Now, editing the source code within the container is all cool and nice, but what if we want to actually use our favorite gui editors like [VSCode](https://code.visualstudio.com/) or [PyCharm](https://www.jetbrains.com/pycharm/) to have numerous productivity features like runtime and library code completion, project wide search, definition location and code navigation to allow us to easily navigate inside the very large CKAN source code?
For that we'd have to set up a volume mount from docker to the outside host machine, but more on this in the next section!
## Setting up CKAN Source Outside the Container
Since the source code is being deployed inside the container, to be able to access it we would need to use ["bind mounts"](https://docs.docker.com/storage/bind-mounts/). Bind mounts are a way to enable propogation of changes from the container to the host and back, but due to a [bug](https://github.com/docker/for-mac/issues/3431) in the Windows/Mac OS versions of the underlying docker runtime layer, we'd need to do a quick workaround to have it working as expected.
The ideal way for us would have been to set up a bind mount from `/srv/app/src/ckan` off the CKAN container to our host, but this wouldn't work as long as this bug is still open.
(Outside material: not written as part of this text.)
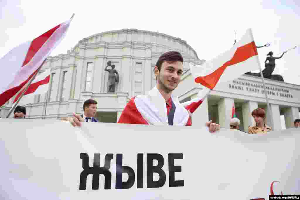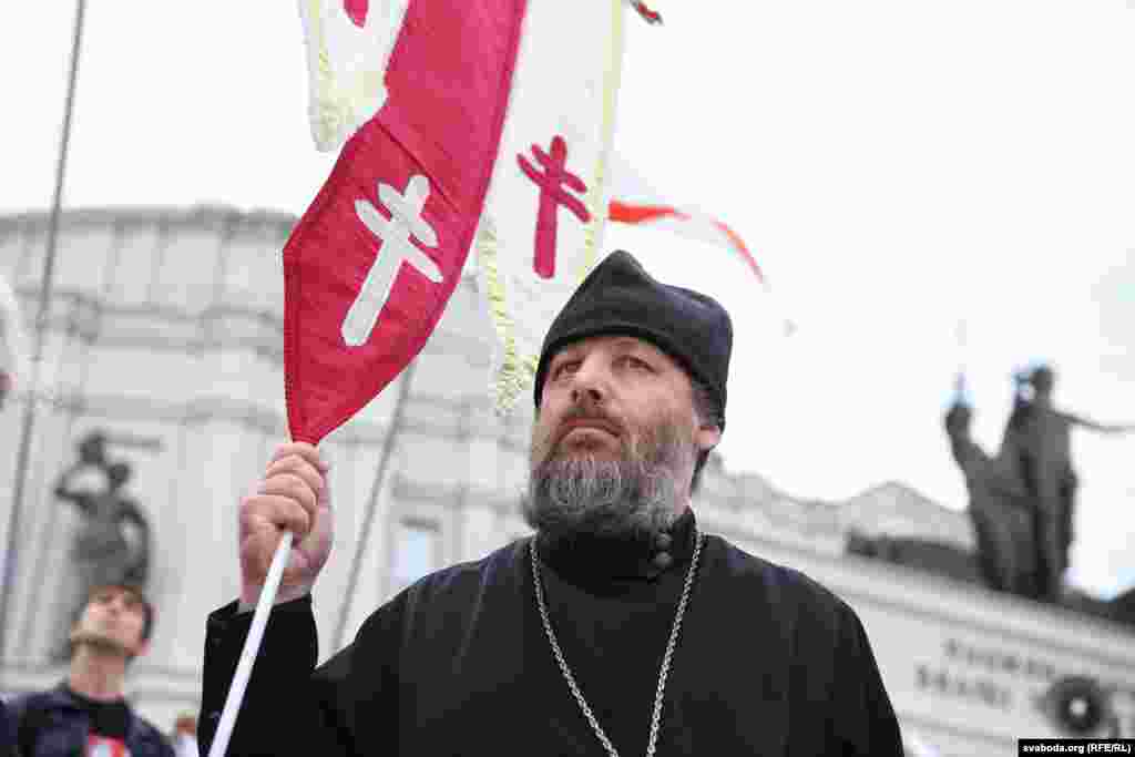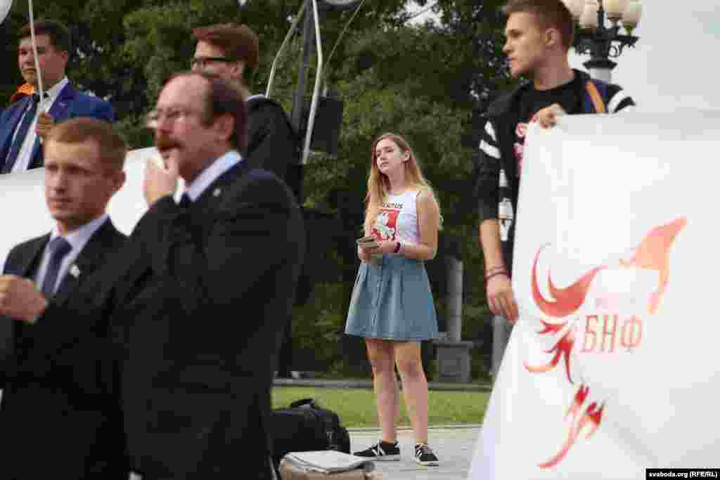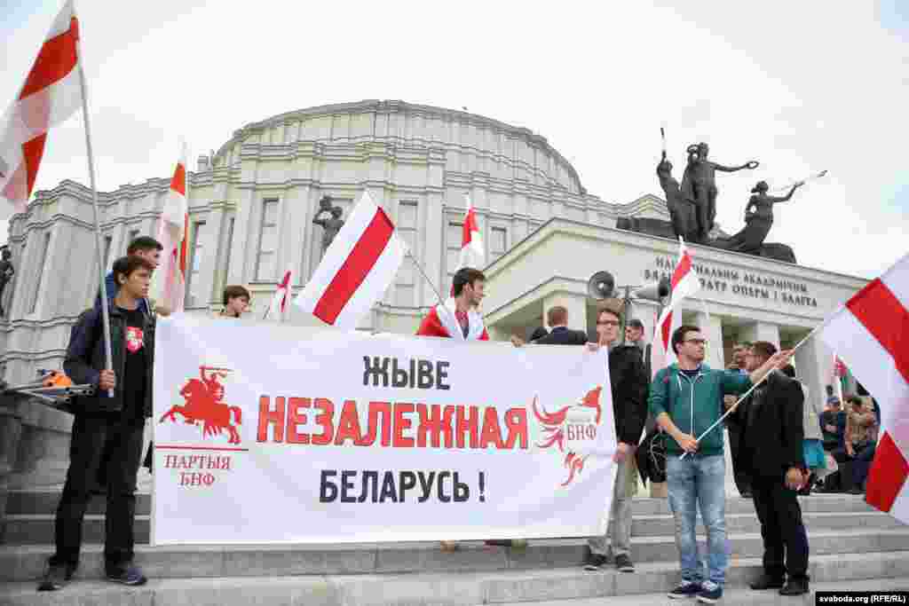 Сьвяточны мітынг, прымеркаваны да дня перамогі пад Воршай у 1514 годзе, зарганізаваны Партыяй БНФ прайшоў на прыступках перад Опэрным тэатрам у Менску.

To workaround it, we'd copy the built `srv/app/src/ckan` folder outside of the container to the volume mount the container setup already has for developing extensions. I.e. into the `/srv/app/src_extensions` inside the CKAN container, which would result in the CKAN source folder available to our host machine, in the already designated folder `./docker-ckan/src` under where we cloned the repo in the first place.
So let's get to work:
First, if not already booted up, boot up your container setup as instructed in [Booting Up Containers](#Booting-Up-Containers).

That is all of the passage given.